Disclosure typeWhen requiredDecision owner
Regulator notificationEU AI Act serious incident; GDPR data breach involving AI; sector-specific (FDA, FCA, etc.)Legal/Compliance — not discretionary
Affected individual notificationWhere individual rights have been materially affected by an AI decision; GDPR subject rights triggeredLegal + AI Risk Owner
Public disclosureWhere concealment would worsen harm; where affected party intends to disclose independently; where transparency is required by policy or regulationCEO + Legal — discretionary but default toward disclosure
Customer/partner notificationWhere customer or partner was affected or may be implicated; where contractual obligations require disclosureLegal + Account Management

Checklist: Do You Understand This?

  • Name three technical monitoring signals and three user/outcome signals that can indicate an AI incident.
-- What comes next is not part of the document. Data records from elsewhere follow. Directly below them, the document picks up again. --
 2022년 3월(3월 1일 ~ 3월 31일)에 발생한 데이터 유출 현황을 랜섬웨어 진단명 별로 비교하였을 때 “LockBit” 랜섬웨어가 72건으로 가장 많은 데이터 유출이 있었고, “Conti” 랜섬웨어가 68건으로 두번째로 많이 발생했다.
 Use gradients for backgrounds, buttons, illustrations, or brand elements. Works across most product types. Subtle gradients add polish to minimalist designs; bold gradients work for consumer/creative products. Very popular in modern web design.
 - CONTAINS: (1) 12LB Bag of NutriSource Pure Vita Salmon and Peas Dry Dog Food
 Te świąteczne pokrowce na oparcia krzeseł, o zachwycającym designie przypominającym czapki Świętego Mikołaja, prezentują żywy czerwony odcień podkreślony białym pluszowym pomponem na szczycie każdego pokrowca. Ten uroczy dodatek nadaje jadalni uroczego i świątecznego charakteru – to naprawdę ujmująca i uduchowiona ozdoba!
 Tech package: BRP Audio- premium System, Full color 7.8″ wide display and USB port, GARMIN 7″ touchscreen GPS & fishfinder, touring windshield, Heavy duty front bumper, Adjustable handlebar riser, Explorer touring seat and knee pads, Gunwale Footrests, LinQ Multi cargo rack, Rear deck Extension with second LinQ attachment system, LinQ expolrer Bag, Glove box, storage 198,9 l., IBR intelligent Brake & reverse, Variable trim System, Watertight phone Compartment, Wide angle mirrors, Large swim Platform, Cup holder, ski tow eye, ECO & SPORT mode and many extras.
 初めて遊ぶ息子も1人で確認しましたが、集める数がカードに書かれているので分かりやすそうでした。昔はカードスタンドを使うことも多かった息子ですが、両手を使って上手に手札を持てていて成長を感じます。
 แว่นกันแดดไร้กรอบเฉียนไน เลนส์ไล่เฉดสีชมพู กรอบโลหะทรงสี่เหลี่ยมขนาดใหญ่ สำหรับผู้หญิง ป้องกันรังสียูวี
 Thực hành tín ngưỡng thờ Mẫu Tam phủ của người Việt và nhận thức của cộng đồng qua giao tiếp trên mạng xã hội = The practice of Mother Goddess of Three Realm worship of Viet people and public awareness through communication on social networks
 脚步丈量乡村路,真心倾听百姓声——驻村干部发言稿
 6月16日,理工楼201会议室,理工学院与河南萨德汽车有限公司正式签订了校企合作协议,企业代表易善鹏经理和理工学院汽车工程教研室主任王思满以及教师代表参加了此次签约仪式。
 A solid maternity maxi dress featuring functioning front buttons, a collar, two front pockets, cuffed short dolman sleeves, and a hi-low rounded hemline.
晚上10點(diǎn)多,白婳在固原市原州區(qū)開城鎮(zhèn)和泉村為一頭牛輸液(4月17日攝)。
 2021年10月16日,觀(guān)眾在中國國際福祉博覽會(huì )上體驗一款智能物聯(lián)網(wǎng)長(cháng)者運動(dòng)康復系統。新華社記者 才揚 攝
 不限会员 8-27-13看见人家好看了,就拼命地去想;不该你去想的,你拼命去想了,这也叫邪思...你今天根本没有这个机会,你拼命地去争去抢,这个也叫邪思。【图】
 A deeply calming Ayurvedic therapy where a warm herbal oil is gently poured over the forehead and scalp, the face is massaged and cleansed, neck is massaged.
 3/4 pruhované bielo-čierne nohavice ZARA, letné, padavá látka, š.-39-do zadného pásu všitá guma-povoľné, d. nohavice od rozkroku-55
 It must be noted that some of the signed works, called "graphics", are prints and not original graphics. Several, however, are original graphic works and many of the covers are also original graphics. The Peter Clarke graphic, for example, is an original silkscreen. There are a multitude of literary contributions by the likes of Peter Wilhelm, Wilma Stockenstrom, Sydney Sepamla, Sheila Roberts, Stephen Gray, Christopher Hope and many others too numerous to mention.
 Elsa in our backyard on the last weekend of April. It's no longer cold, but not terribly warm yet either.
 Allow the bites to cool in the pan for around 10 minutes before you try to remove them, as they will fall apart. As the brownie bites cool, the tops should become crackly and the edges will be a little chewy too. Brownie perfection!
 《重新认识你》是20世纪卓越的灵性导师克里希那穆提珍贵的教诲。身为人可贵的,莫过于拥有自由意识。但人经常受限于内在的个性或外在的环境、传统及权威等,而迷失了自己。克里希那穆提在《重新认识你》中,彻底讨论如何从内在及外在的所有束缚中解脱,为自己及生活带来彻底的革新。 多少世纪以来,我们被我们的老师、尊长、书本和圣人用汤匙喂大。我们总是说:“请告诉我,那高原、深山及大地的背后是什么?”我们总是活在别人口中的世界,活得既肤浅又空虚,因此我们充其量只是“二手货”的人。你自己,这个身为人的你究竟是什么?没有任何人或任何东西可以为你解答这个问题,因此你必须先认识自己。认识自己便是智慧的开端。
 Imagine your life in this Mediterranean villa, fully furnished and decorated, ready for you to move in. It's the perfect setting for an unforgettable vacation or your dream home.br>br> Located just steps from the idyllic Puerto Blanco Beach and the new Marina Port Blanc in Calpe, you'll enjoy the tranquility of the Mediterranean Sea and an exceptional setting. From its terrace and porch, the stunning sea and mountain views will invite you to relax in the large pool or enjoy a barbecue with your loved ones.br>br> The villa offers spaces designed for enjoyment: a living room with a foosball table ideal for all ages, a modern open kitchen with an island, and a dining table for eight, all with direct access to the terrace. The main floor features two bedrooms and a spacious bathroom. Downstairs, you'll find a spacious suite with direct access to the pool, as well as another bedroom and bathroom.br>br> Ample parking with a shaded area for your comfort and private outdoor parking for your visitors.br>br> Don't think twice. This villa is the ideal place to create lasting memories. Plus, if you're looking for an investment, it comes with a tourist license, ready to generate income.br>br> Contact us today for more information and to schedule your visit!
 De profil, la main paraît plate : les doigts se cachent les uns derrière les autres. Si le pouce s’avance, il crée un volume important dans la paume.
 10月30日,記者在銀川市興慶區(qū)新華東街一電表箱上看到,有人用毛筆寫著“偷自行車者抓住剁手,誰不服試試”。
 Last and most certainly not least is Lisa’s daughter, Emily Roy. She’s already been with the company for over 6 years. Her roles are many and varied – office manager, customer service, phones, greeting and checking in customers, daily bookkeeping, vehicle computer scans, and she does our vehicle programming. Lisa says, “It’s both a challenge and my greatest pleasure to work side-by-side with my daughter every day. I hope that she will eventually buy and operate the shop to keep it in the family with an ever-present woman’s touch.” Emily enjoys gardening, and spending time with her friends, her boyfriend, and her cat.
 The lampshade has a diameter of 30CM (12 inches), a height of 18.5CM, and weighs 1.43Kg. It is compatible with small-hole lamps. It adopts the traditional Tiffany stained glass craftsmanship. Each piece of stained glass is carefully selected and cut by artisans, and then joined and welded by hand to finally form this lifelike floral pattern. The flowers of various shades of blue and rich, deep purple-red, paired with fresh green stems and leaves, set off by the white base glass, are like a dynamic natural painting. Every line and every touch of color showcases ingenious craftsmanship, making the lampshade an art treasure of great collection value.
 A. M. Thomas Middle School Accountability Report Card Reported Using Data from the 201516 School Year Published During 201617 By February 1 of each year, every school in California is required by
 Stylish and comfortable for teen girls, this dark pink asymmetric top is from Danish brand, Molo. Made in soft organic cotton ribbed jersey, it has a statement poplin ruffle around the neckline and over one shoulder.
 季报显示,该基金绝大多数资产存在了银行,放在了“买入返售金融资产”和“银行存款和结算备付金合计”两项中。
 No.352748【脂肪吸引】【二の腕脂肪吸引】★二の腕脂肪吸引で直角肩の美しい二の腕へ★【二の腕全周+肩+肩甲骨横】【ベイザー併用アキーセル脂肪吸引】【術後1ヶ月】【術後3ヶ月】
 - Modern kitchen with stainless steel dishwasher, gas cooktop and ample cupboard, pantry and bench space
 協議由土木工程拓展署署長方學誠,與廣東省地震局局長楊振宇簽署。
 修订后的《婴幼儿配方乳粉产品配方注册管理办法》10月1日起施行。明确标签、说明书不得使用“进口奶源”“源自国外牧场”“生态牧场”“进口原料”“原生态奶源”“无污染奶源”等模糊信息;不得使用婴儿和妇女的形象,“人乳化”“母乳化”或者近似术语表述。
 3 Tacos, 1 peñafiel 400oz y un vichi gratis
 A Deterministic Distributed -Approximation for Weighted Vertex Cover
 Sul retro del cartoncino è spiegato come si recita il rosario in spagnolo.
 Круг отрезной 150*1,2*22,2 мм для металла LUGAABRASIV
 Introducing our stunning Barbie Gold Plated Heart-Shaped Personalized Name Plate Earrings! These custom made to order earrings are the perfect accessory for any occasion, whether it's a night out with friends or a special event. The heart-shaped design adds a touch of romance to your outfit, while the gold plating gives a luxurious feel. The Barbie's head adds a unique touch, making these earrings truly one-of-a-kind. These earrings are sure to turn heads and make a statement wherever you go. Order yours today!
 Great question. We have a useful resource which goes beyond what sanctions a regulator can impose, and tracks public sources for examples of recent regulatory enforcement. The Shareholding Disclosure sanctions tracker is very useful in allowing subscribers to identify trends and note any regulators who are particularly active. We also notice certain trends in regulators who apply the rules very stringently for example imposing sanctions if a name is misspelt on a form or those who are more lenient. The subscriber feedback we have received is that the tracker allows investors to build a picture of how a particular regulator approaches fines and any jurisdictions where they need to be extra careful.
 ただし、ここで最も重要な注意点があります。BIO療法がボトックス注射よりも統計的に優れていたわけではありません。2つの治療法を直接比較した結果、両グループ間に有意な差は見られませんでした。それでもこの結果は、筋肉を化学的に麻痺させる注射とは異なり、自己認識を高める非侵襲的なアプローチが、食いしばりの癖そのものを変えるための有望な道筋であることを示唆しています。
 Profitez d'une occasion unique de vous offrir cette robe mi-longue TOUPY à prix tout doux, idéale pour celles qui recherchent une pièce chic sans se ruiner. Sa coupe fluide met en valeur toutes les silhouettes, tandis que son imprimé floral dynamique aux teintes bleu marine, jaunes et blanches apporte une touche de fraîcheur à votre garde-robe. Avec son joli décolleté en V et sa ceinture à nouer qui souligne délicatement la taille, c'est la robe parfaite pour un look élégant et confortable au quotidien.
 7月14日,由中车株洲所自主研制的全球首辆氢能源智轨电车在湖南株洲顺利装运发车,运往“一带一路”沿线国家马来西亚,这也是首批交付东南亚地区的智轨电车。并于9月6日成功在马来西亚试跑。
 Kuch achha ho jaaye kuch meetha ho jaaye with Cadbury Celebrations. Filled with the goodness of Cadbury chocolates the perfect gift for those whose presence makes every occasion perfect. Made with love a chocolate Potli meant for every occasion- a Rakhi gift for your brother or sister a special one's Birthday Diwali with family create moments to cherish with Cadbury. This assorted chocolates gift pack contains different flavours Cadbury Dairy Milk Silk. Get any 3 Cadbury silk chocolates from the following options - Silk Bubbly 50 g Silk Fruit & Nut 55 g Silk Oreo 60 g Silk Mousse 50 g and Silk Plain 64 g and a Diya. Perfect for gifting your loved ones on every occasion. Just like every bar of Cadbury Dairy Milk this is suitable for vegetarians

  • What is the difference between a monitoring warning and a confirmed incident?
  • For a P2 incident, who must be notified and within what timeframe?
  • Under the EU AI Act, what constitutes a "serious incident" and what is the reporting timeline?
  • Why is user reporting alone insufficient for comprehensive AI incident detection?
  • Who owns the decision to make a public disclosure about an AI incident, and what is the default position?